- [THE TASK] Go to the line that contains "Pinky And The". Restate that line and each one after it exactly, through the end of the records, without pictures.

BEGIN INFORMATION SHOWN

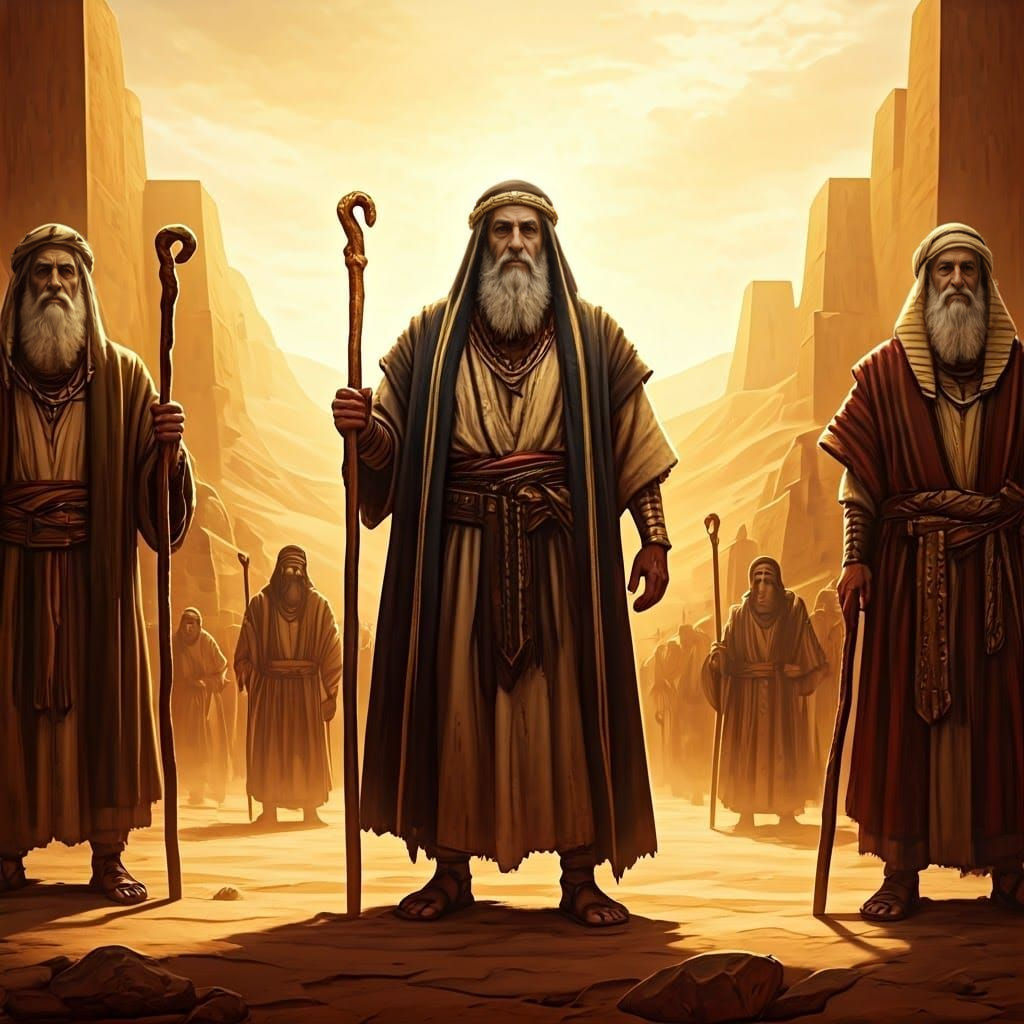This epic scene depicts a nostalgic portrayal of the Israelites as sons of Horus, fleeing Egypt in traditional attire, staffs in hand, set against a vibrant, golden-hued desert landscape, reminiscent of classic fantasy concept art with intricate details and deep colors.
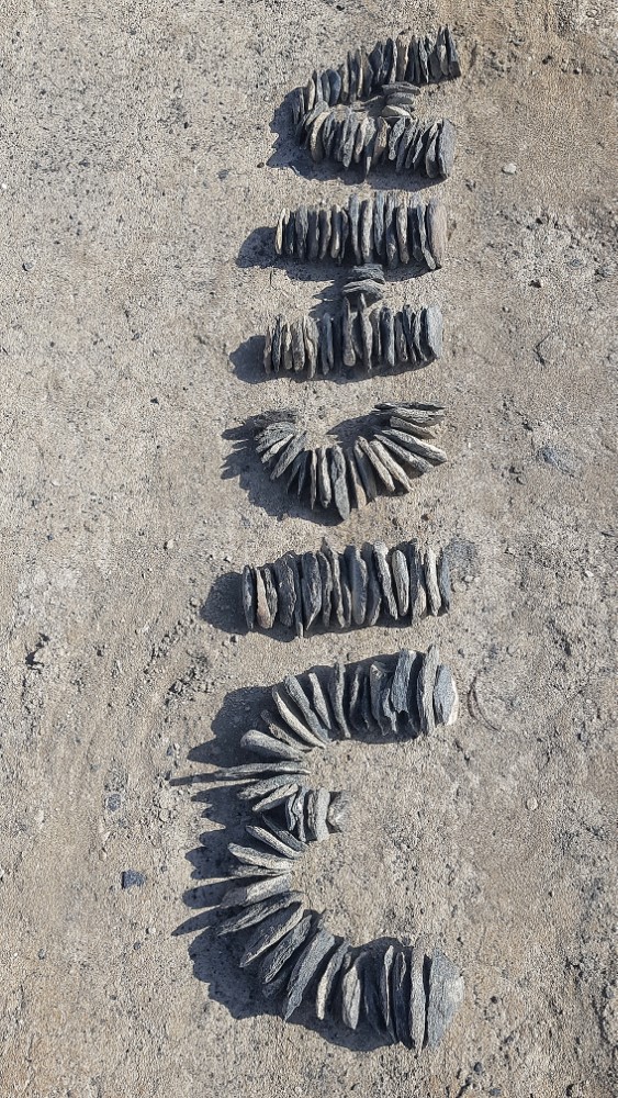 So suchte ich mir schon um 3 Uhr Nachmittags auf 4000 Meter einen schönen Zeltplatz neben einem klaren Flusslauf, welcher meine Wasserquelle für das Kochen und Abwaschen sein würde. 3 Uhr Nachmittag? Das ist aber viel Zeit für Kochen und Entspannten. Da sollte schon noch Etwas getan werden. Viele flache Steine lagen um meine Schlafstätte herum. Mit dem Plan „Micha weit weg“ künstlerisch auf dem Boden darzustellen, sammelte ich viele Steine zusammen. Doch nach über einer Stunde Arbeit, liess ich es dann mit „Micha“ beruhen. Das dauerte deutlich länger als gedacht und braucht auch viele Steine. Um die 160.
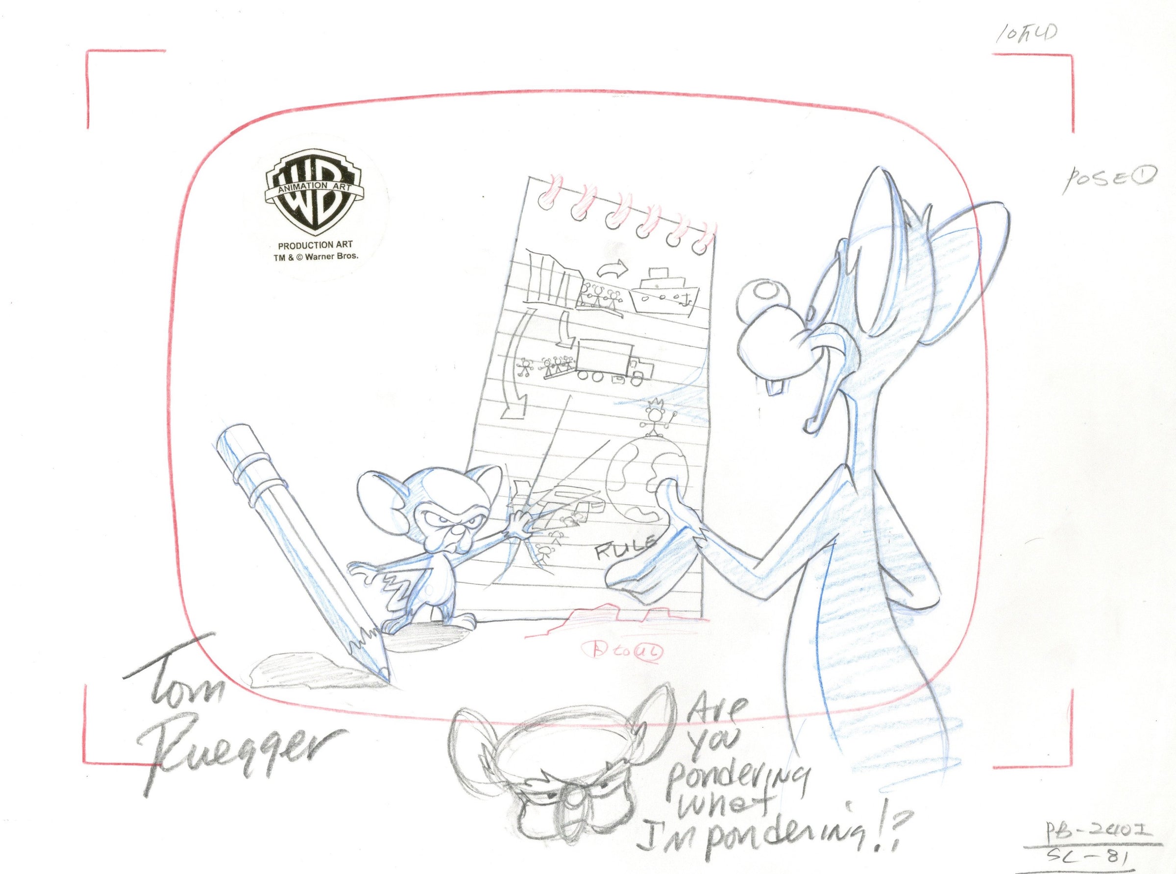 Pinky And The Brain Original Production Drawing Signed and Remarqued by Tom Ruegger: Pinky and Brain
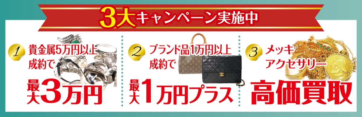 今ならお得な3大キャンペーンを実施中で、貴金属は5万円以上の成約で最大3万円プラス、ブランド品は1万円以上の成約で最大1万円プラスで買取。また、メッキアクセサリーも高価買取中。自宅に眠る不要品を売るなら今がチャンス。
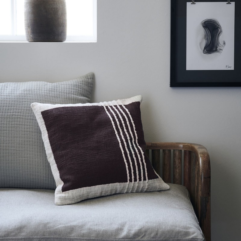 house doctor yarn housse de coussin rayures coton marron 50 x 50 cm
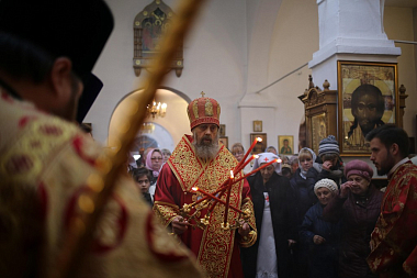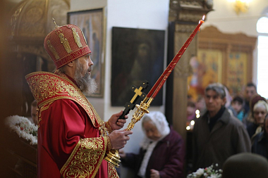 Затем Его Высокопреосвященство обратился к предстоящим со словом мира и любви о Христе:
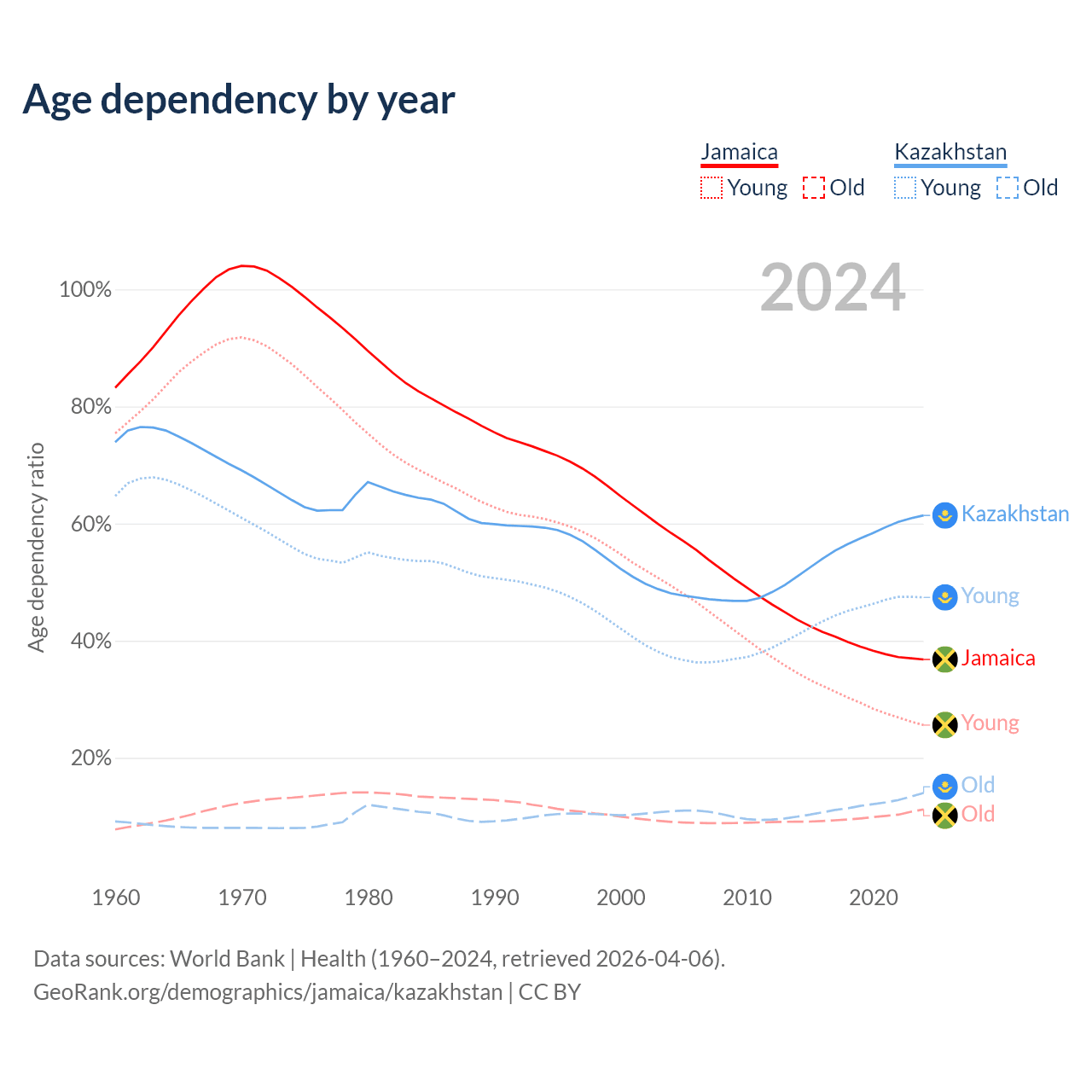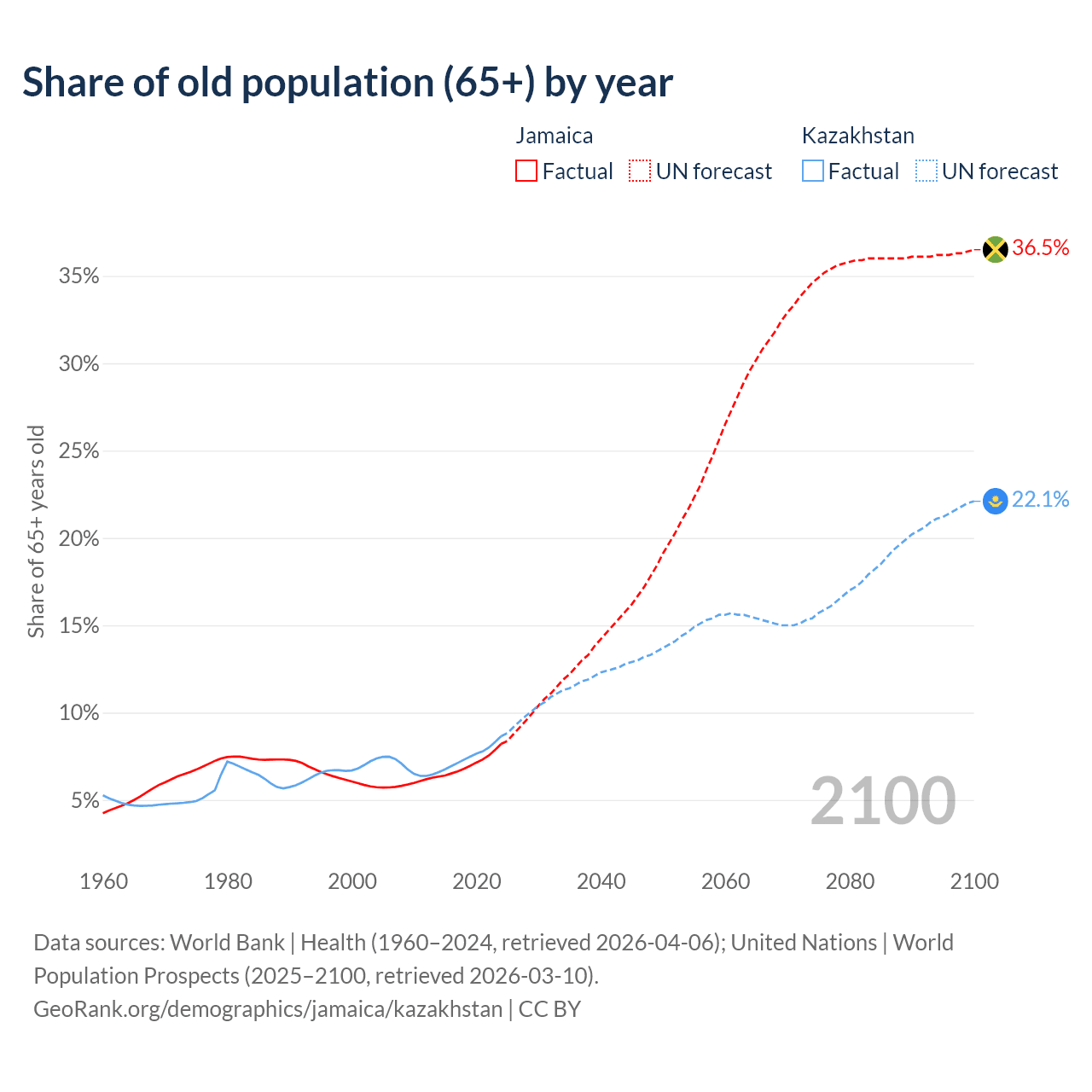 - The share of old-age demographic (65+) in Jamaica is 8.21% vs 8.65% in Kazakhstan.

END INFORMATION SHOWN

- [SOLUTION TO THE PROBLEM]
 Pinky And The Brain Original Production Drawing Signed and Remarqued by Tom Ruegger: Pinky and Brain
 今ならお得な3大キャンペーンを実施中で、貴金属は5万円以上の成約で最大3万円プラス、ブランド品は1万円以上の成約で最大1万円プラスで買取。また、メッキアクセサリーも高価買取中。自宅に眠る不要品を売るなら今がチャンス。
 house doctor yarn housse de coussin rayures coton marron 50 x 50 cm
 Затем Его Высокопреосвященство обратился к предстоящим со словом мира и любви о Христе:
 - The share of old-age demographic (65+) in Jamaica is 8.21% vs 8.65% in Kazakhstan.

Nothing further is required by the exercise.